Ahmida Bendjoudi I think that the problems with religions – if you take them literally – are wider and deeper. Does a creator have to create each living thing? This would include, for example, each of the billions of bacteria living in your gut right now. And are viruses living? Do they need to be created? And when organisms reproduce, are they allowed to get on with it, or does the creator personally oversee every offspring? And what about plants? Fungi?
Beyond the bewildering number of creations required is an even more fundamental question : why? You can understand why a creator might create swallows or salmon, but why the thousands of varieties of sloth (most of which are now extinct)? Why sloths? Why so many different sloths?
And why create disease organisms? What's the point of a child dying of measles?
Believing in a being who created everything means, I think, living with many, many unanswerable questions, not just about what the creator does but about why things are as they are.
These are the things that thankfully have no place in Buddhism.

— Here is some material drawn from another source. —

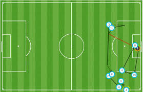 Setelah pemain sayap United memaksa garis pertahanan lawan turun, United lalu mengembalikan bola ke area tengah, sementara pemain depannya merangsek untuk mendekati garis gawang.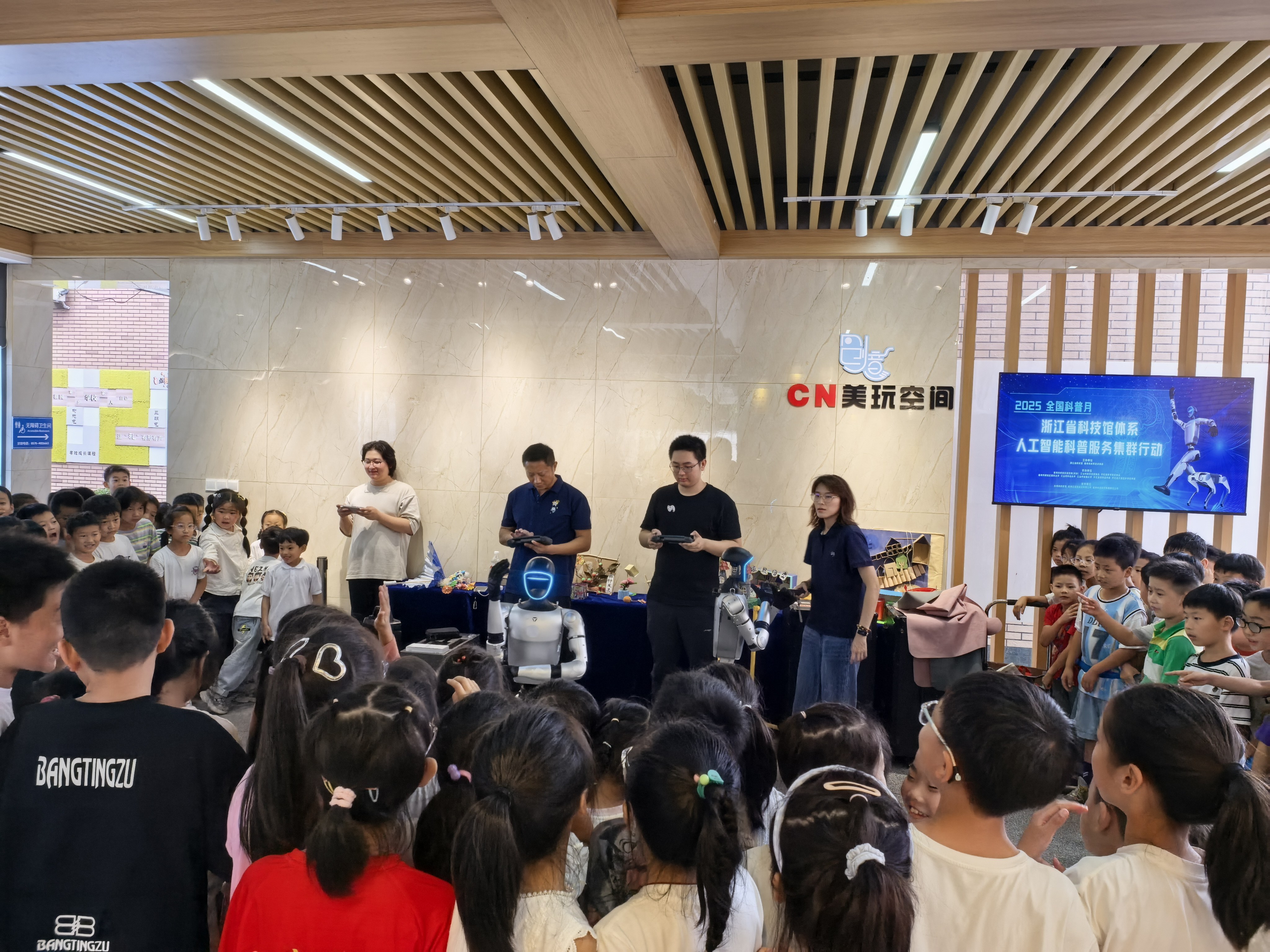 浙江省科技馆联合衢州市科协、台州市科技馆以及科技企业,组建专业科普服务队伍,以“省馆牵头、多馆联动、资源下沉”的模式,为山区孩子量身打造了“讲座+表演+互动+巡展”的立体化科普体验,让前沿AI知识走出展厅,走进孩子们的课堂与课间。

Ahmida Bendjoudi The questions are not just unanswered, but unanswerable, even in principle. I think that religions only bring people the comfort of certainty when they do not ask what they are certain of. Once they do, certainty vanishes. It is hard even to understand the questions that are raised by the idea of a creator, and, I believe, impossible to answer these questions.
Those with the deepest faith are those who constantly look terrified by what they believe. This is why, I think, religions have been asset-stripped by commercialism, making them into something vague and comforting called "spirituality". Remove all the important questions from religion and you have a tranquilliser drug that can be easily commercialised.
Ahmida Bendjoudi I think that this is what happens in religious faith. Faith must entail living with uncertainty, with a sense that the unanswered questions are not just bewildering but frightening. Once you go down the route of believing in a creator, then you realise that this creator has a lot of explaining to do, and that the creator does not provide any explanation at all. This silence is what you have to live with.
Verdi's Te Deum ends with a dramatic illustration of this. The last verse is I have trusted in You, Lord; do not betray that trust. The soloist repeats the words I have trusted in You. The orchestra plays a wafting, otherworldly snatch of music. But the soloist repeats the words. Again the orchestra tries to lead her away, but she insists, and the whole choir and orchestra rise up with the words. But what happens next is terrifying. Their prayer echoes and dies away, and all that is left are the strings, high, high up, and the basses low down. And in between, a huge empty musical space
The prayer goes out into an endless emptiness.
Somehow, for me, that sums things up. Here it is :https://youtu.be/YcNid3Vioj4?t=731
Ronán Michael Conroy , If you encounter direct spiritual contact (such as with Djin, or any other spiritual being), would that affect your view of God?